"The Cult of the Mother-Goddess",
a review by Carroll Quigley in The American Anthropologist,
Vol. 62 (1960),
of a book:
THE CULT OF THE MOTHER-GODDESS: An Archaeological and Documentary Study,
by Edwin O. James.
New York: Frederick A. Praeger, 1959
"The Cult of the Mother-Goddess"
The Cult of the Mother-Goddess: An Archaeological and Documentary Study.
E. O. James.
New York: Frederick A. Praeger, 1959. 300 pp. $6.50.
The last decade has produced a large number of books on various
aspects of the Great Mother Goddess. Among these are Jean Przyluski, La Grande déesse (Paris, 1950), Robert Briffault,
The Mothers (reissued, London, 1952); Mircea Eliade, La Terre mere, et les hierogamies cosmiques (Zurich, 1954);
Uberto Pestalozza, Eterno femminine mediterraneo (Venice, 1954); Erich Neumann,
The Great Mother (New York, 1955, and O. G. S. Crawford, The Eye Goddess
(London, 1958).
Professor Edwin O. James has now added another volume to these. His
book has many merits: it is jammed with facts from archeology and written records,
supported with 766 reference notes to the scholarly literature, and has almost
no factual error. But, in a field which is over-run with untenable theories,
James avoids offering theories of his own except in a casual and implicit way.

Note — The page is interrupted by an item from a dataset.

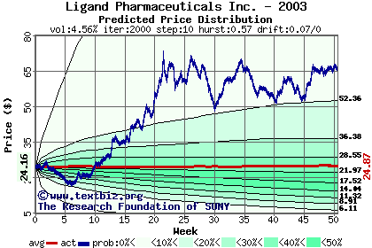 The following graph plots the year-to-date performance of the stock for 2003 compared to the probability calculated by a random walk model.
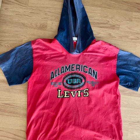 Klassinen huppari, jossa on etutasku (kengurutasku) ja huppu. Pieni punainen Levi's-lappu helmassa sivusaumassa.

This is doubly unfortunate since any reader experienced in this subject can see
that James' unstated theories are generally correct. Failure to state theories,
combined with lack of clear discrimination between different aspects of the
Mother Goddess Cult, a certain amount of chronological disorder, and poor
organization prevent this book from providing a clear picture of the growth and
spread of the Cult.
The eight chapters of this volume are organized about a central
core of four geographic chapters dealing with Mesopotamia-Egypt,
Palestine-Anatolia, Iran-India. and Crete-Greece. These are preceded by a
chronological chapter on the antecedents of the Goddess cult in the Palaeolithic,
Neolithic, and Bronze ages and are followed by three topical chapters on the
Magna Mater, the Madonna in Christianity, and the "Dying god." Such an
organization is not very helpful, either geographically or chronologically, and
results in a great deal of repetition. In the four geographic chapters the
evidence is assembled without any real regard for chronology, except for
incidental and unhelpful interjections of words like "earlier" or "later." As a
result, the impression is curiously old-fashioned, like reading scattered
passages from Sir James G. Frazer. The last three chapters on the Magna Mater,
the Madonna, and the "Dying god'' are clearly out of chronological order and
repeat much of the evidence previously presented in the geographic chapters.
Chapter one, dealing with "antecedents," does little to clear up the confusions
because its three divisions in terms of Palaeolithic, Neolithic, and Bronze Age
fail to indicate the profound changes which the female cult underwent in these
three periods (from reference for the fecundity of nature to the Earth Mother to
the spouse-mother of a cyclically-dying god, and, ultimately, to a sacral
kingship).
In a field as rampant with extravagant theories as this, rigorous
definition of terms and equally rigorous chronological discrimination are
essential. Otherwise we might accept the arguments of Pestalozza that social
matriarchy and an Earth-Mother religion were prevalent in the palaeolithic
period (U. Pestalozza, "The Mediterranean matriarchate, its primordial character
in the religious atmosphere of the palaeolithic era," Diogenes No. 12, 1955, pp.
50-61).
Any book on this subject must attempt as its chief task to
establish a tentative development sequence for the various aspects of the Mother
Goddess Cult. Then the distorting forces on this development should be pointed
out. One of these distortions was the intrusion of pastoral patriarchal peoples
(Semites and Indo-Europeans) who originated on the southern and northern
grasslands and worshipped storm and sky deities. Another distortion, associated
with the cyclical process of agriculture, the dying god, and the death, burial,
and resurrection of seed, arose from the fact that the growing season in the
south depended on winter's rains, that of the north depended on summer's sun,
while that of the alluvial valleys was based on the annual flood. These points
are not explained by James and the casual references to them are confusing and
sometimes confused (pp. 48, 233). The latter can be clarified by the well-known
facts of geography, while the impact of the former has been handled well by
Raffaele Pettazzoni, notably in his La Religione nella Grecia antica (Bologna,
1921; French edition, revised, Paris, 1953).